Trash transfer
Garbage headed for Delano Landfill may be directed to Ephrata landfill
GRAND COULEE DAM — The Delano Landfill is about 30 percent full, but the mayors of the four towns that use the site for dumping waste are already having to consider other options.
The mayors of Grand Coulee, Electric City, Coulee Dam and Elmer City met with two Grant County Commissioners on Monday to resolve the problem.
Residents in the Grand Coulee Dam area produce about 16,000 cubic yards of solid waste per year. Most of that streams in during the summer months when an influx of tourists come to see the dam. At the current rate, the first cell of the landfill will be full in about 18 months. Development of a second cell would be both modern in design and expensive. So expensive, in fact, that the Regional Board of Mayors told the county commissioners Monday that they can't afford to use the next cell.

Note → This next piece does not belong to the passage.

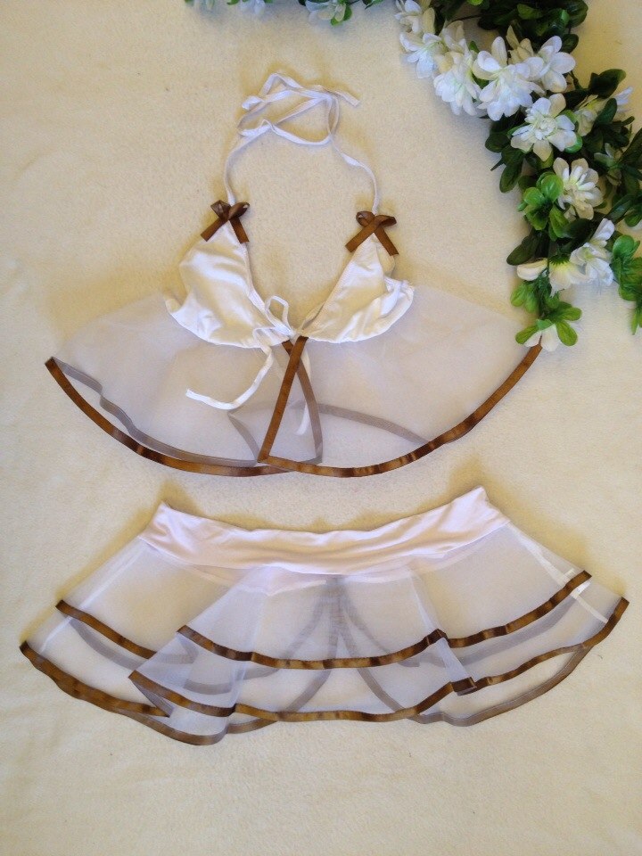 Комплект состоит из топа и юбочки, декорированных прозрачными рюшами.

Electric City Mayor Raymond R. Halsey first came to office about 30 years ago. That was about the same time that the Delano Landfill opened up.
"It surprised me that they wouldn't let us keep the arid design. They had OK'd it years back and then in the middle of the stream they decide no more arid designs," Halsey said. "If we didn't have to line the cells, we could go ahead and fill the landfill up."
Halsey said the area receives very little rainfall and the original arid design didn't require a liner at the bottom to protect the aquifer.
Federal and state environmental regulations being enforced by the Grant County Health District require future cells opened in Delano Landfill to have a high density polyethylene plastic liner. The high density plastic material is similar to what is used to make plastic bottles. The waterproof material protects soil underneath the landfill from coming into contact with water that has mixed with the garbage above it.
According to senior regulatory and technical assistance specialist Wayne Krafft, of the Washington state Department of Ecology, groundwater under a landfill is contaminated by rainwater and snow melt that filters through the waste and carries with it metals and solvents on the way down to the soil. Groundwater is also polluted from landfill gases such as methane and carbon dioxide that are produced when garbage sits over a portion of land for a period of time and eventually begins pushing those gases into spaces in the soil as pressure builds up.
"The contamination levels are significant," Krafft said. "As far as we know, there's no exposure, nobody drinking that water at this point."
Instead of issuing fines or enforcement actions, the DOE and GCHD require a solid waste disposal facility to take corrective action, Krafft said. He added that the facility is currently considered to be in compliance with environmental regulations because it was a transitional facility that was constructed under older rules in accordance with the requirements of that time.
"But if they were to expand, they would be required to have a liner system to prevent further groundwater contamination," Krafft said, adding that the plastic liners are expensive. "They are allowed to continue to operate until they meet the original design capacity, and that is what's coming up in the next year or two."
The Grand Coulee Dam area doesn't produce enough garbage to pay for the high cost of a plastic liner, Krafft said. Since the towns don't generate enough revenue from garbage collection to buy a plastic liner, town officials only have one viable option for their solid waste disposal.
"I see the four towns ending up with a transfer station and hauling it to Ephrata," Halsey said. "You can build a transfer station for about half what it costs to put in a lined cell."
Time is not on their side either, as the first of four cells at Delano Landfill will be full in approximately 18 months. That is exactly how much time they have to find funding for a transfer facility.
It will take about 60 to 90 days to set up a transfer station to begin hauling waste to Ephrata.
"I need answers from the people that lend money," Halsey said. "It's really at the planning stage and I can't tell which way it's going to go until I get some answers back from some people."
Cost is the number one factor in any future decision. Estimates range from $650,000 to $1 million dollars to set up the transfer operation, with very low costs to maintain.
To line a second cell at Delano Landfill would cost $1.5 million or more and town officials know they don't have enough money for that.
Grant County Commission Chair LeRoy Allison said the town officials should apply for the Strategic Infrastructure Program, which is state sales tax money that the county receives that can be used for economic development. Allison said that tourism in that area is high enough that it would have enough of an impact on business that it could be considered economic development.